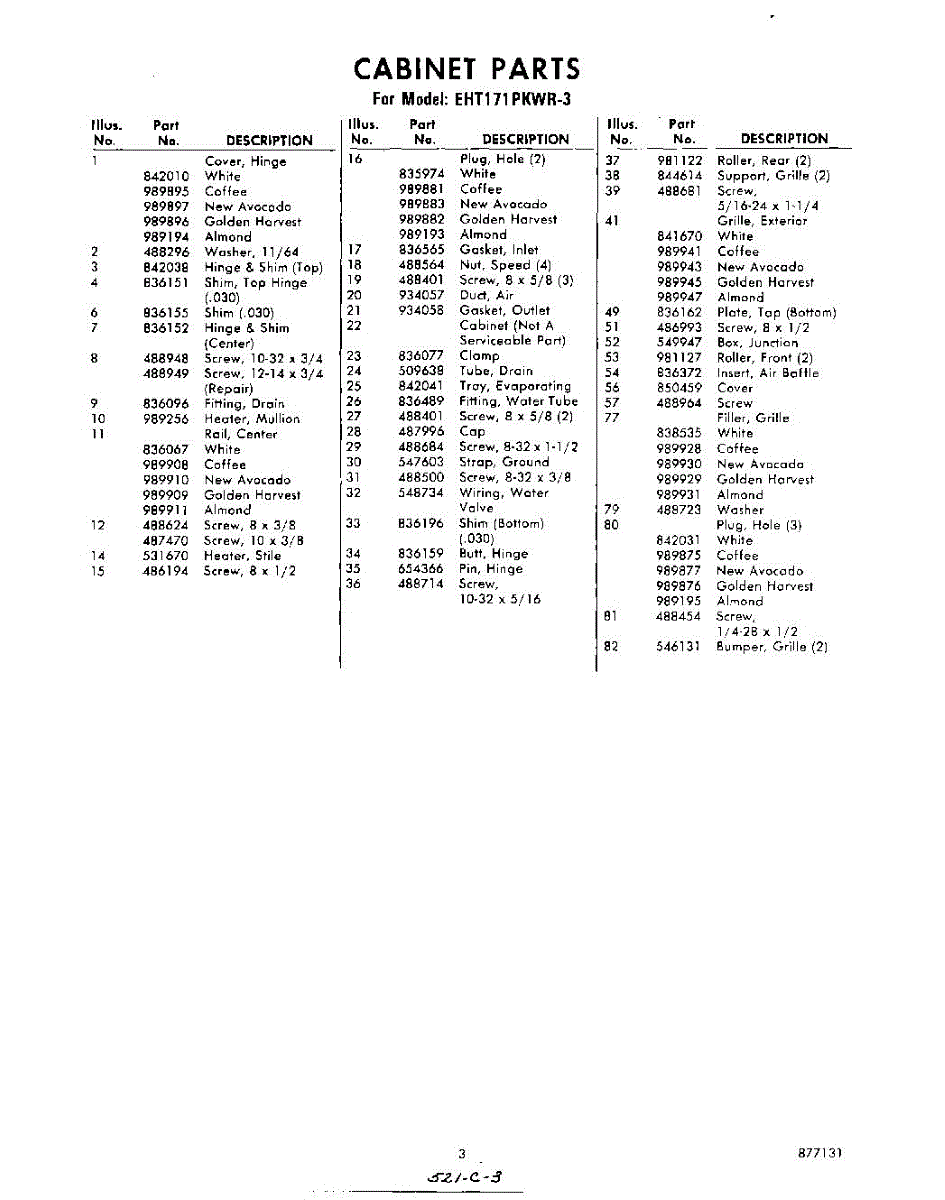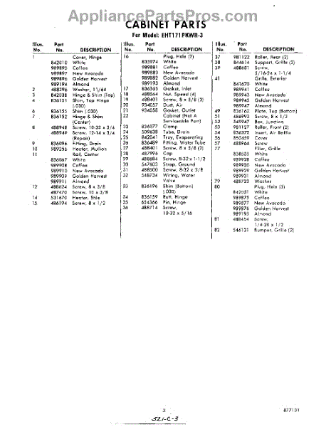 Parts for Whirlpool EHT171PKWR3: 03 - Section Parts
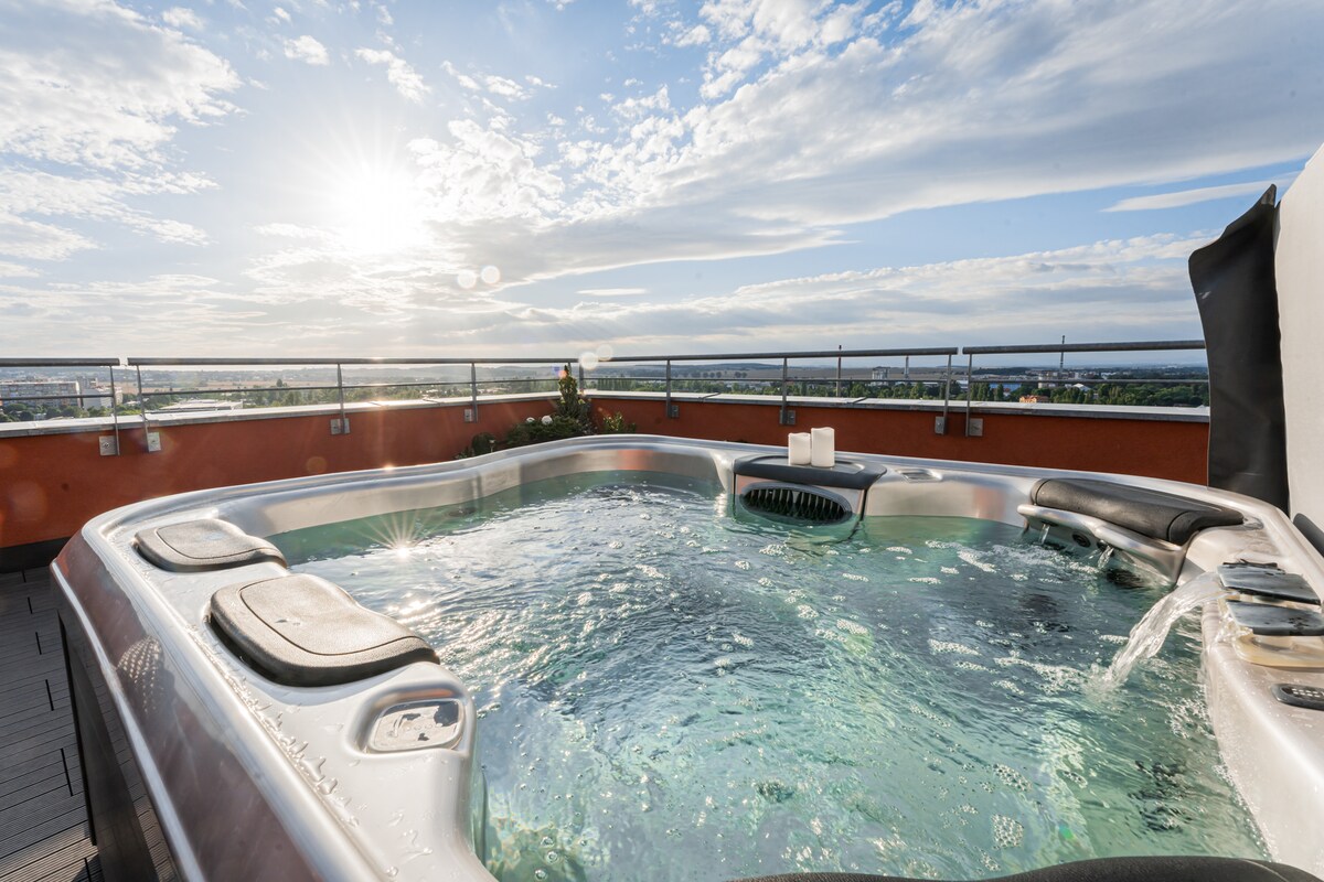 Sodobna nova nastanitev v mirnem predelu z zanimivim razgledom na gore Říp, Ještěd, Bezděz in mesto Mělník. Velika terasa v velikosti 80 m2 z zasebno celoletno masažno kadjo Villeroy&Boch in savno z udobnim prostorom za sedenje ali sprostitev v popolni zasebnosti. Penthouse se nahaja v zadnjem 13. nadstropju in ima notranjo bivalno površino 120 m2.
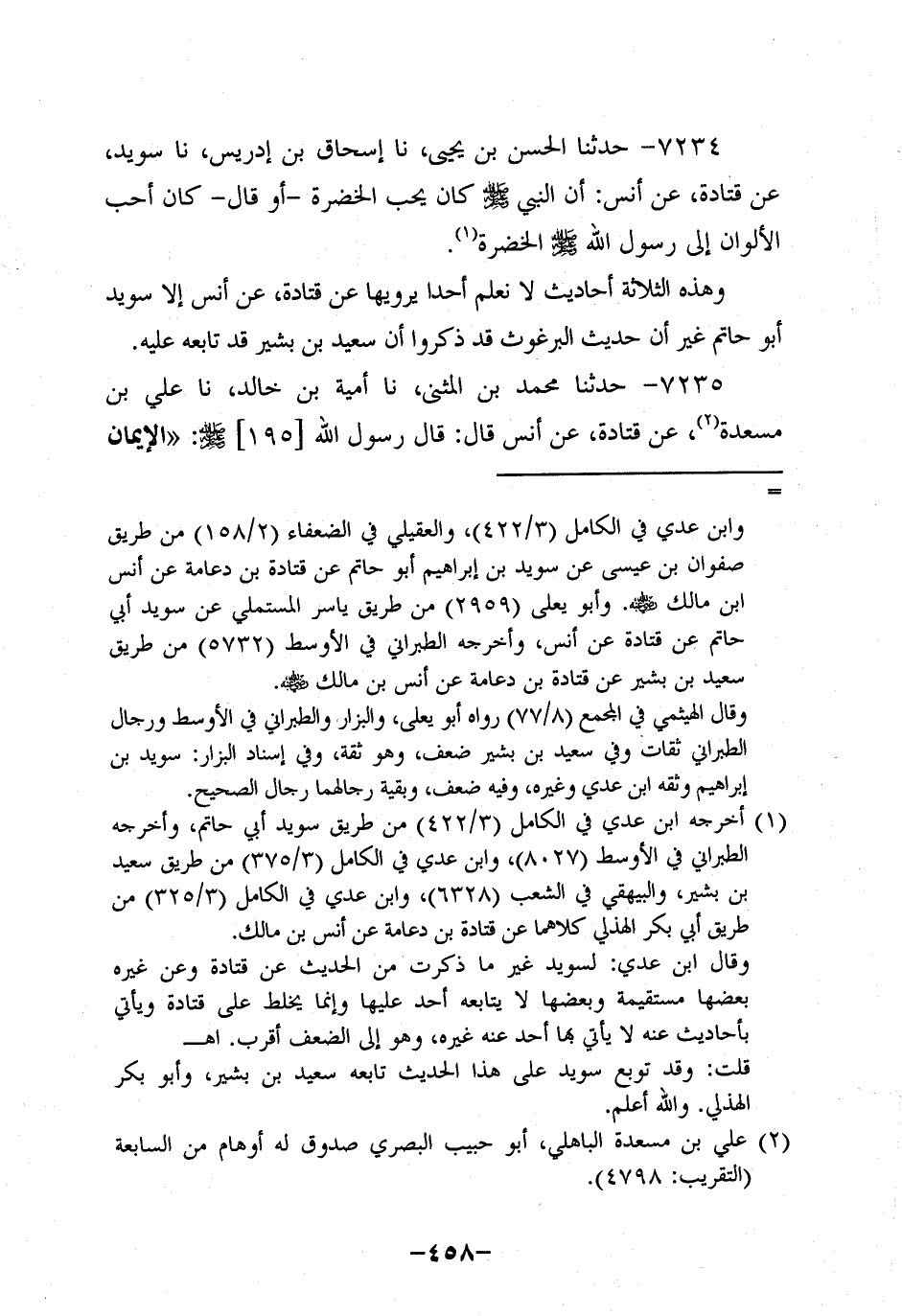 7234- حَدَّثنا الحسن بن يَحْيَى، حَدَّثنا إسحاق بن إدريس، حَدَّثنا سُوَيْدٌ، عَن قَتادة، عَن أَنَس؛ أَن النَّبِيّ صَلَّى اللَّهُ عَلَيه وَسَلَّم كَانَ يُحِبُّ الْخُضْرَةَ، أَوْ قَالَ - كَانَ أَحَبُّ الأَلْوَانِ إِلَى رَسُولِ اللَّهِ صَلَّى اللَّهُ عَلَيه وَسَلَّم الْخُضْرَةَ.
---
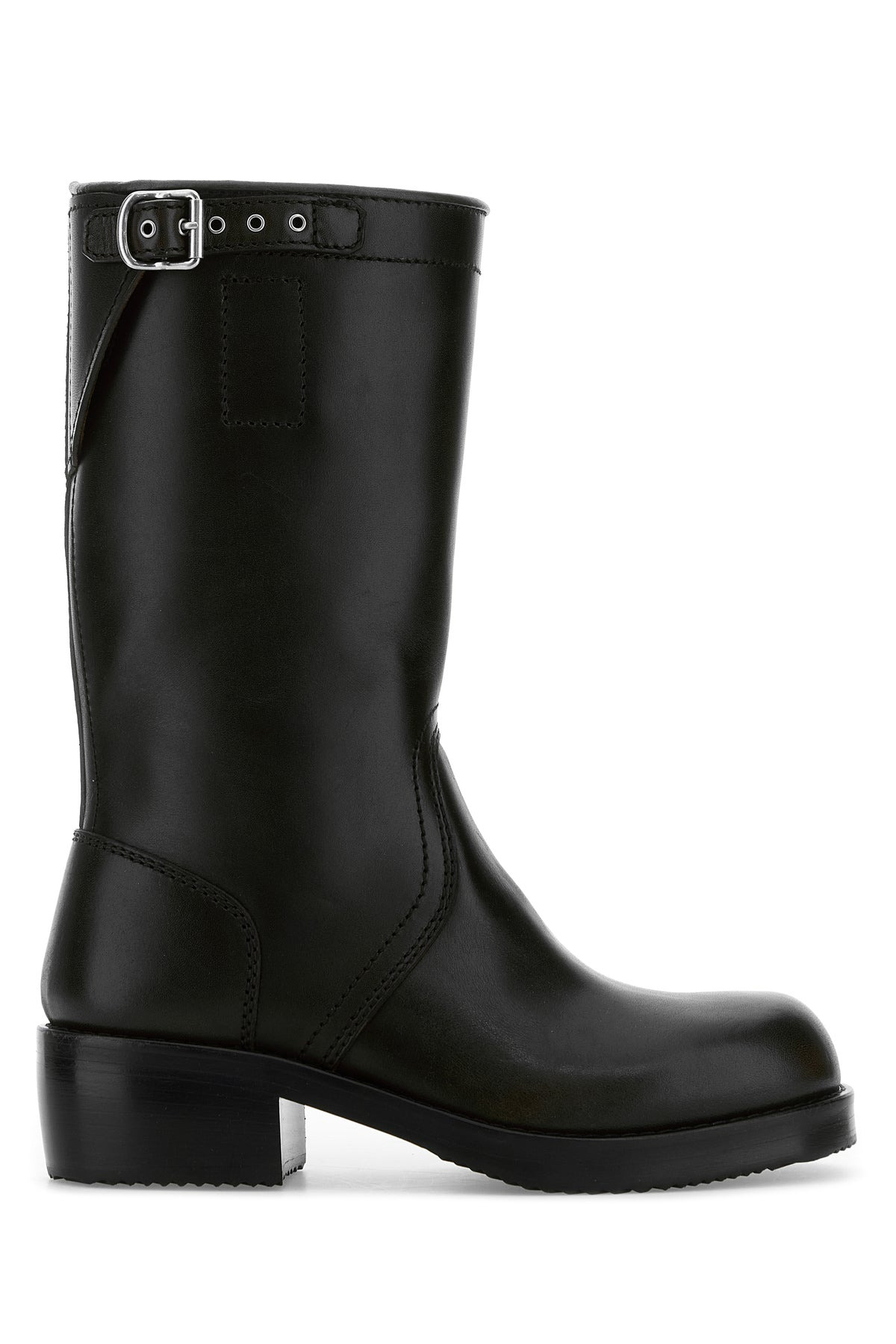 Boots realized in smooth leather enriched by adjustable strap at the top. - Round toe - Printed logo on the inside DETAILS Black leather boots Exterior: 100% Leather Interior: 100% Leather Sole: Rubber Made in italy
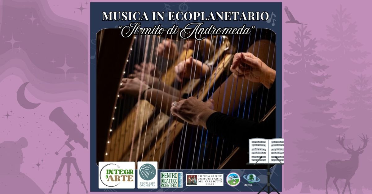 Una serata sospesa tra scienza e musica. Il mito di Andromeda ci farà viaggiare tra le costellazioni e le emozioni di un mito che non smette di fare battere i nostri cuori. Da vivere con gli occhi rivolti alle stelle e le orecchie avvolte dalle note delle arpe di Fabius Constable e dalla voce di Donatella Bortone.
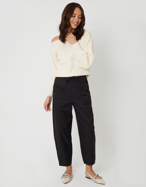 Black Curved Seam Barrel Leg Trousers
==
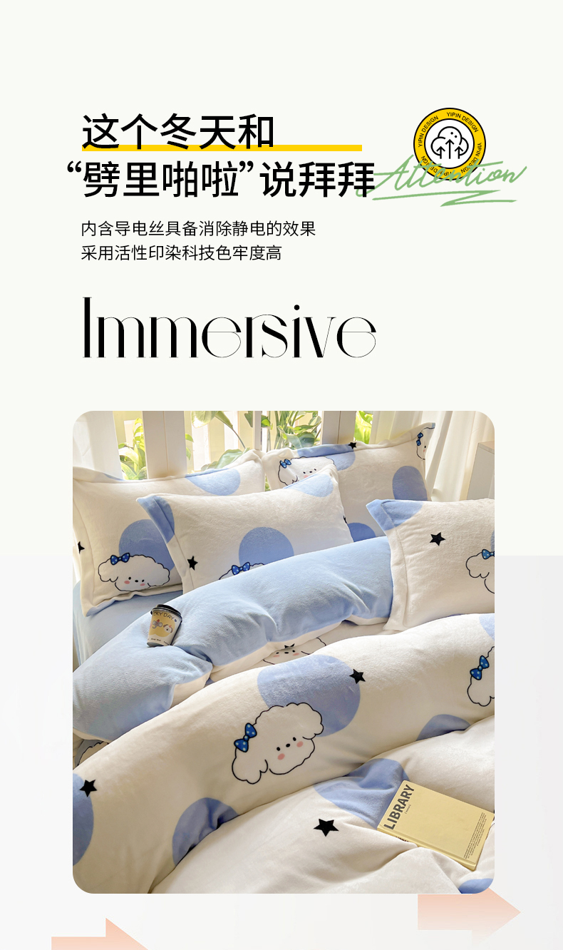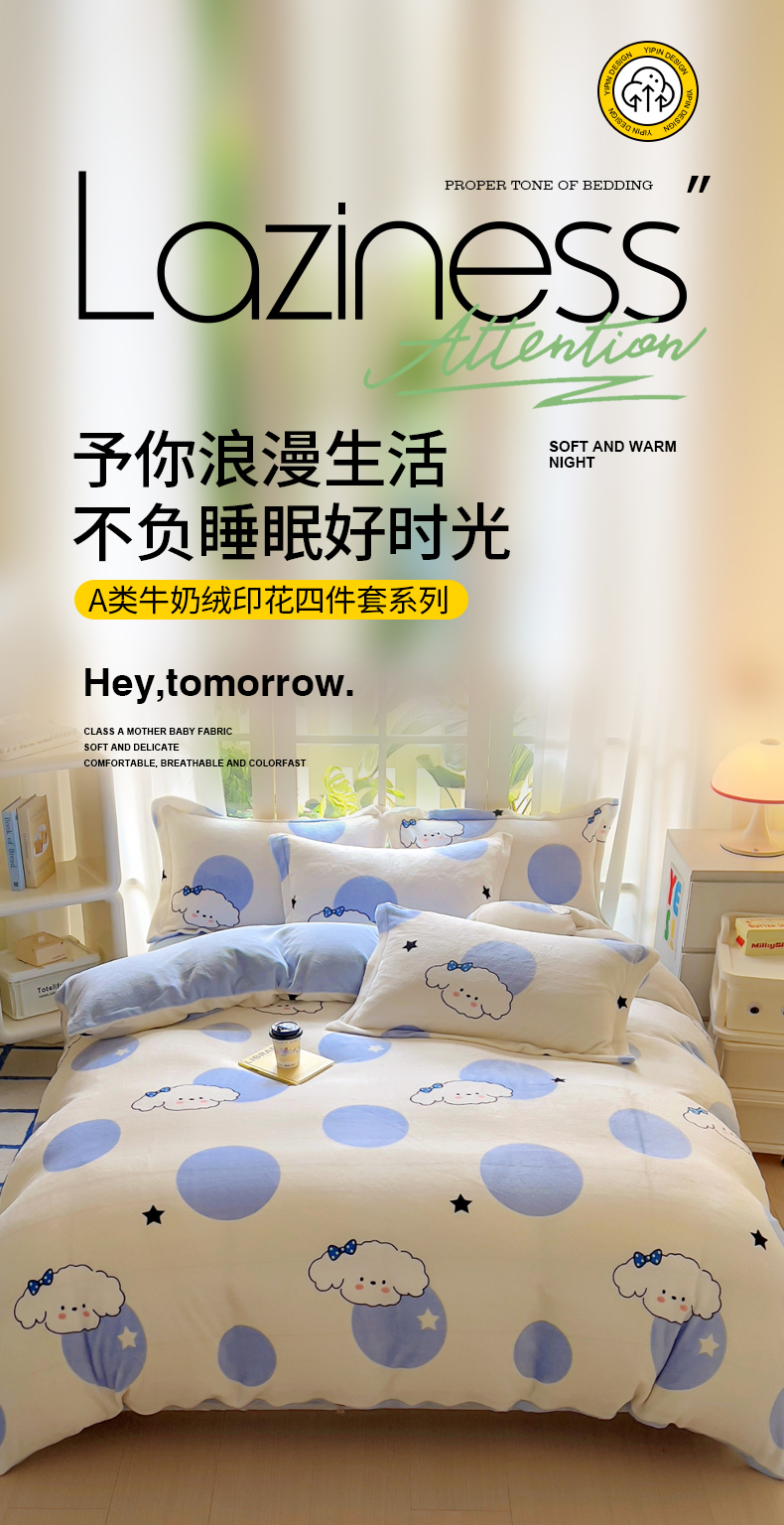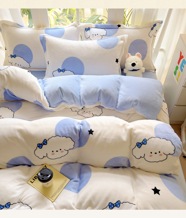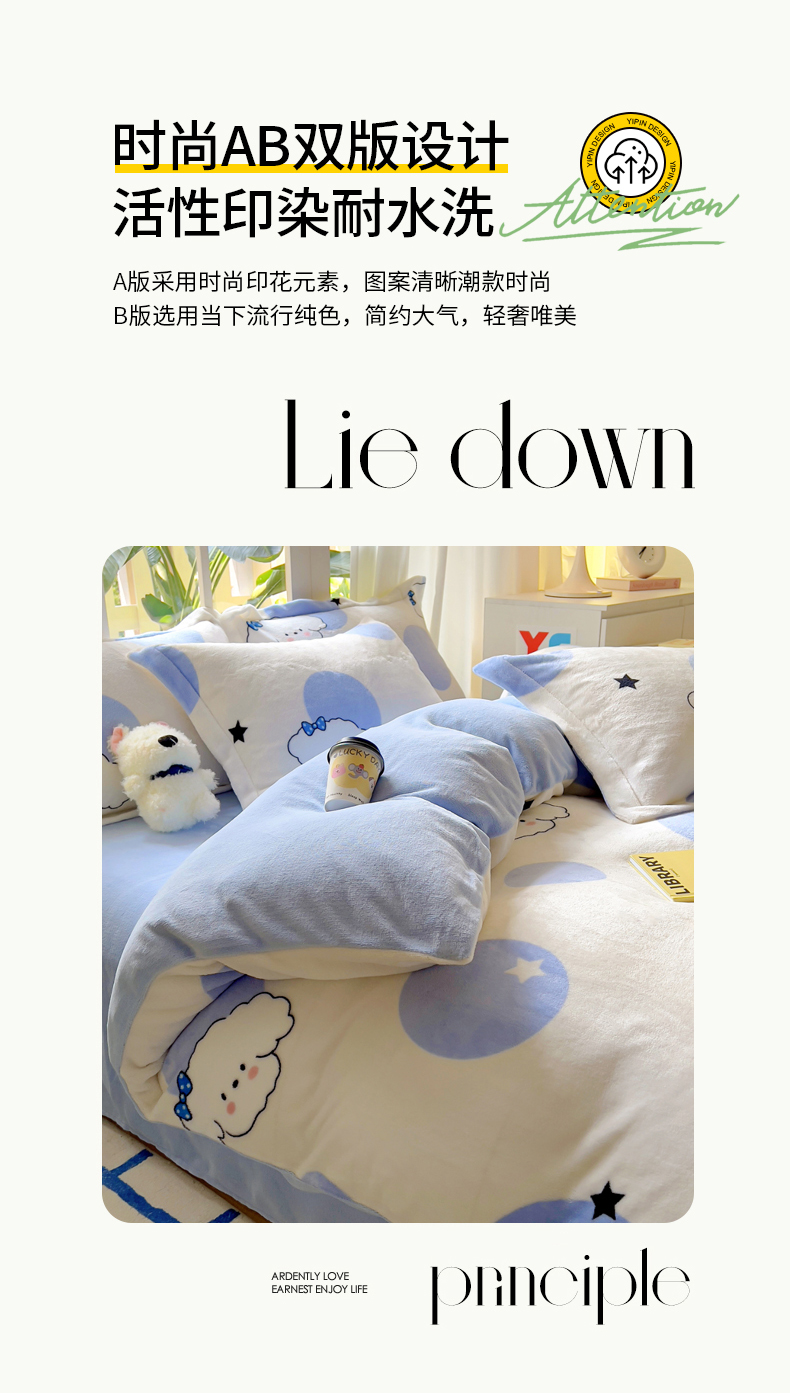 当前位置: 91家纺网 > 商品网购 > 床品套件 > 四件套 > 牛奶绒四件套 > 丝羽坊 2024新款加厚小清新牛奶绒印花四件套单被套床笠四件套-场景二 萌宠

→ **Work order**: In the listing above, find the line with "Una serata sospesa" and the line with "Black Curved Seam Barrel Leg Trousers". Set down both and every line between them, minus the pictures.

→ **Solved exercise**:
 Una serata sospesa tra scienza e musica. Il mito di Andromeda ci farà viaggiare tra le costellazioni e le emozioni di un mito che non smette di fare battere i nostri cuori. Da vivere con gli occhi rivolti alle stelle e le orecchie avvolte dalle note delle arpe di Fabius Constable e dalla voce di Donatella Bortone.
 Black Curved Seam Barrel Leg Trousers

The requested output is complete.